Sounds good, right? Not necessarily. You may be brand-happy. Brand-happy, the state of branding everything we touch, is so prevalent in business today that it’s seen as an automatic reflex of good marketing. But approached with aggregate business objectives in mind, building new brands may not always be a good business move. Before you decide to add and support a new brand in your marketing mix remember:

1) The premise. Customers are confused. Customers are so bombarded by new products, features, services, companies and promises it’s becoming extremely difficult for them to tell one from another. Within many companies, even the sales force can’t clearly discern the products they’re selling!

2) The goal. Finding a unique spot in the customer’s mind, a solid, distinguishable-from-competition area of the brain where you form an indelible impression.

3) The reality. You are selling to human beings, and homosapiens – even with the most advanced craniums on the planet – only have the capacity to remember a finite number of things. If you have a corporate brand, 12 product brands with eight unique features each and a story to support each, how much can you expect your customer to digest, let alone buy into?

4) The assumption. You do not have the financial resources of Proctor & Gamble, Ford Motor Company or Coca Cola, all of which can afford to build multiple brands and accept the cost of their possible failure. (Of course, if you are, we’d be happy to talk with you.)
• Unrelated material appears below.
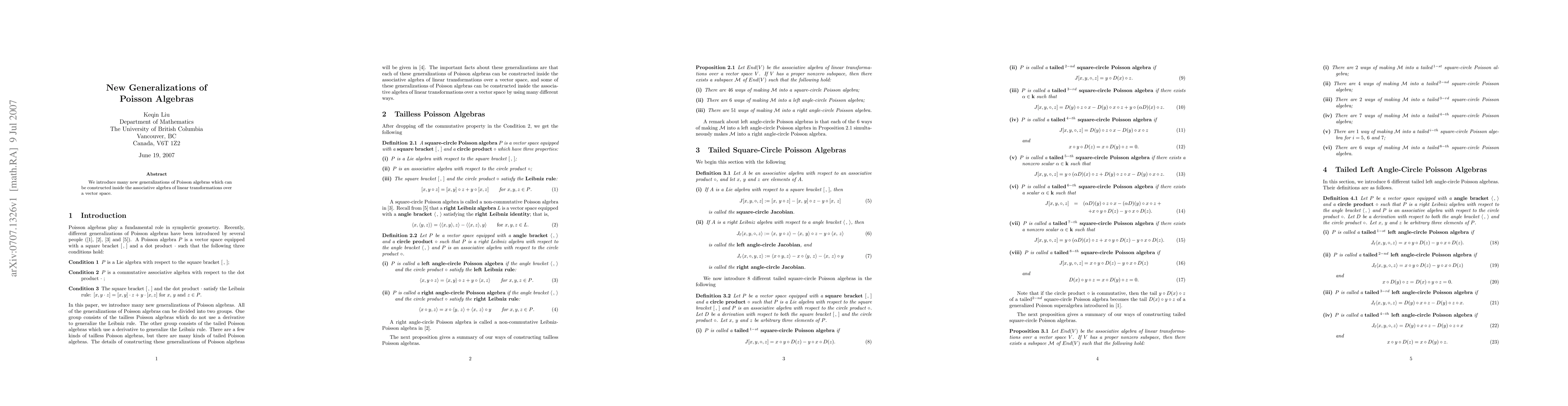 Researchers introduced new generalizations of Poisson algebras within linear transformations over a vector space, expanding our understanding of these mathematical structures.

Undeniably, you can identify with the premise (after all, you’re a customer too). It seems, however, that the more the confusion, the harder we try to distinguish ourselves by heaping brands with new names, images and trademarks onto the top of the pile. Many times being brand-happy does more to perpetuate the premise than meet the goal.

Instead of perpetuating confusion, reverse the trend by simplifying your branding strategy.

The cure for brand happiness: SIMPLIFY. Instead of perpetuating confusion, reverse the trend by simplifying your branding strategy. While all companies have a unique set of circumstances, we suggest critical choices be considered for the sake of marketplace clarity. Sound painful? Not any more than a root canal without anesthesia, but it may be necessary if you want long-term smiling customers.